Hénin-Beaumont : la justice ordonne la réintégration sous astreinte de deux agents suspendus par le maire RN
Le tribunal administratif de Lille a ordonné ce vendredi 3 juillet la réintégration sous sept jours de Djelloul Khéris et Fabienne Payen, suspendus sans salaire par le maire RN Steeve Briois.
Dans une ordonnance rendue ce vendredi 3 juillet, le juge des référés de Lille a suspendu les arrêtés d'exclusion de deux agents municipaux d'Hénin-Beaumont. La mairie devra les réintégrer sous peine d'une astreinte de 150 euros par jour de retard.
L’essentiel
- Fait 1 : Le tribunal administratif de Lille a ordonné le 3 juillet 2026 la réintégration sous sept jours de Djelloul Khéris et Fabienne Payen.
- Fait 2 : La mairie d’Hénin-Beaumont s’expose à une astreinte de 150 euros par jour de retard si elle ne se conforme pas.
- Fait 3 : Les deux agents, syndiqués SUD Collectivités Territoriales, avaient été exclus temporairement sans salaire par le maire RN Steeve Briois.
- Fait 4 : Le conseil de discipline saisi par la mairie avait pourtant écarté toute sanction en janvier 2026.
- Fait 5 : Le juge a caractérisé une situation de discrimination syndicale et une absence de faute professionnelle.

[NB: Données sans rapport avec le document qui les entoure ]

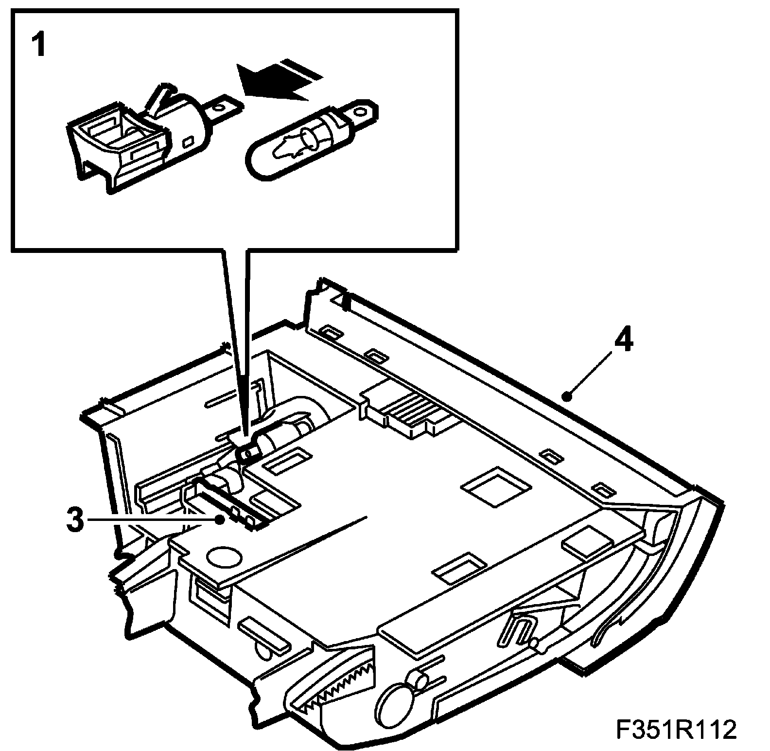 3. Press in the catch and remove the cigarette lighter and bulb.

Ce que dit la décision du tribunal
Le juge des référés du tribunal administratif de Lille a rendu son ordonnance ce vendredi 3 juillet. Il suspend les arrêtés d’exclusion pris par la mairie d’Hénin-Beaumont à l’encontre de Djelloul Khéris et Fabienne Payen. La municipalité dispose d’un délai de sept jours pour réintégrer ces deux agents. Passé ce délai, elle devra payer 150 euros par jour de retard, selon l’Union syndicale Solidaires, qui s’est félicitée de cette décision.
Les deux agents exercent respectivement comme animateur périscolaire et agent d’état civil. Ils sont membres du syndicat SUD Collectivités Territoriales. Le juge a estimé que leur exclusion était infondée et discriminatoire.
Des agents suspendus malgré un avis favorable du conseil de discipline
Les faits remontent à 2025. Le maire RN Steeve Briois avait prononcé une exclusion temporaire de deux ans pour Djelloul Khéris et d’un an pour Fabienne Payen. Selon la Fédération SUD Collectivités Territoriales, ces suspensions ont été assorties d’une privation de salaire.
Pourtant, en janvier 2026, le conseil de discipline saisi par la mairie avait blanchi les deux agents et écarté toute sanction. La mairie avait malgré tout maintenu les exclusions. Le juge des référés a relevé l’absence de faute professionnelle et a caractérisé une situation de discrimination syndicale, a indiqué l’Union syndicale Solidaires.
La réaction des syndicats
L’Union syndicale Solidaires a publié un communiqué intitulé « Victoire pour Fabienne et Djelloul », saluant une décision « claire et ferme ». Le syndicat souligne que la justice a reconnu le caractère discriminatoire des sanctions et l’absence de motif valable. Il appelle la mairie à exécuter rapidement la décision.
Ce conflit s’inscrit dans un climat de tensions récurrentes entre la municipalité RN d’Hénin-Beaumont et les organisations syndicales, selon la Fédération SUD Collectivités Territoriales.
Contexte dans le Pas-de-Calais
Hénin-Beaumont, commune de 26 000 habitants dans le Pas-de-Calais, est dirigée depuis 2014 par le Rassemblement national. La ville a déjà été le théâtre de plusieurs contentieux entre la mairie et des agents ou syndicats. Cette affaire intervient alors que la région Nord-Pas-de-Calais connaît un taux de syndicalisation dans la fonction publique territoriale légèrement supérieur à la moyenne nationale, selon les données de l’INSEE (8,2 % contre 7,8 % en France métropolitaine). La décision du tribunal de Lille, situé dans le département voisin du Nord, rappelle que le contrôle juridictionnel des actes des collectivités locales reste une réalité dans ce territoire.
La mairie d’Hénin-Beaumont n’a pas encore réagi publiquement à l’ordonnance. Les agents concernés pourraient être réintégrés dès la semaine prochaine si la municipalité s’exécute. L’astreinte de 150 euros par jour pourrait s’appliquer à compter du 11 juillet 2026.
Prochaine étape : la mairie a jusqu’au 10 juillet pour réintégrer les deux agents. En cas de refus, l’astreinte courra automatiquement.